In particolare questi principi si concretizzarono nei confronti degli ebrei, che Hitler considerava
come una vera e propria malattia, da cui discendevano tutti i movimenti politici che per lui
rappresentavano un pericolo.

Iniziò, quindi, una vera e propria persecuzione, con provvedimenti che vietavano la frequentazione
della scuola o l’esercizio delle attività lavorative da parte degli ebrei.

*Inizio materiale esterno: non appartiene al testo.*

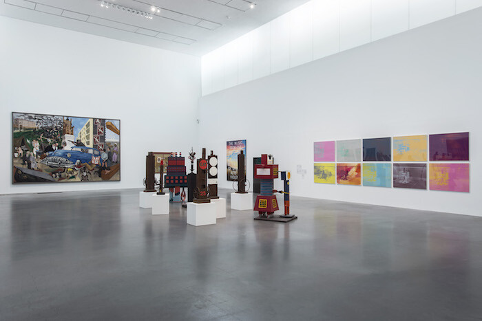 Indeed, it’s remarkable how many of the most fêted works in the collection have been, if not relegated, then at least removed from the pantheon and asked to battle it out with less celebrated peers. Hung close to, indeed in the firing line of, Roy Lichtenstein’s exultant Whaam! (1963), Beatriz Gonzalez’s Pop-inflected indictment of government corruption and decadence in Latin America (Interior Decoration, 1981) reminds us that the United States’s military and economic hegemony in the second half of the twentieth century had consequences beyond comic books and Elvis. Piet Mondrian’s Composition C (No.III) with Red, Yellow and Blue (1935), meanwhile, is reinvigorated by its proximity to the Neo-Concretists in a room dedicated to the artists and ideas to emerge from Brazil in the 1950s. Labeled “A View from São Paulo,” this is one of a number of displays attempting to refocus art historical attention on cities (Buenos Aires and Tokyo also feature) beyond the traditional centers. The selection of locations is conservative and the elevation of such figures as Lygia Clark, Lee Ufan, and Hélio Oiticica hardly constitutes a risk, but these are steps, however small, in the direction of a more multipolar understanding of contemporary culture.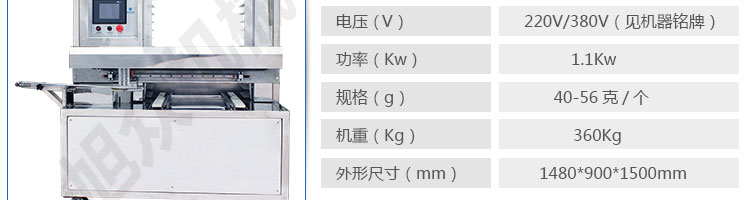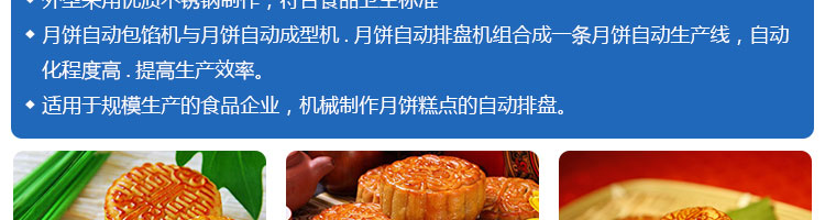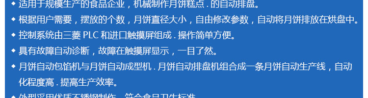 名稱SZ-08型月餅自動(dòng)排盤機(jī) 電源220V 功率1.1kw 產(chǎn)量30-100個(gè)/分鐘 尺寸外形尺寸1320*1000*1120mm,裝上輸送架尺寸1320*1820*1230mm 重量360kg 規(guī)格10-200克/個(gè) 其他

Ma il picco massimo venne raggiunto il 15 settembre 1935 con la promulgazione delle leggi di
Norimberga, che tolsero agli ebrei la cittadinanza tedesca e vietarono matrimoni misti; in più fu
ordinato a tutti gli ebrei di indossare sugli abiti la stella di David in modo da essere sempre
riconosciuti.

Nella notte tra il 9 e il 10 novembre 1938, come vendetta per l’uccisione di un funzionario tedesco
da parte di un ebreo, in molte città tedesche furono frantumate le vetrine di tutti i negozi tedeschi e
delle sinagoghe, tanto che questa notte passò alla storia come “Notte dei cristalli”; due giorni dopo
venne proclamata la legge che escludeva gli ebrei dal commercio.

Anche se l’Antisemitismo sembrava fondarsi su ragioni ideologiche, aveva anche una base
economica, infatti gli ebrei occupavano posizioni importanti nel campo della finanza e questo
poteva intralciare i piani totalitari di Hitler.

In pochi anni le persecuzioni ebraiche si espansero in tutto il modo, tanto che durante la seconda
guerra mondiale sfociarono nell’olocausto.

La politica estera della Germania, quindi, fu molto aggressiva, soprattutto verso quei paesi
naturalmente tedeschi (Austria e territorio dei Sudeti), che Hitler voleva acquisire per formare
un'unica grande patria.

L’Europa, però, sottovalutò la Germania per molte ragioni: prima di tutto il programma di Hitler
procedeva molto lentamente, poi la Germania non era l’unico paese in cui esisteva una dittatura e in
fine l’anticomunismo di Hitler aveva suscitato diverse simpatie nel campo internazionale.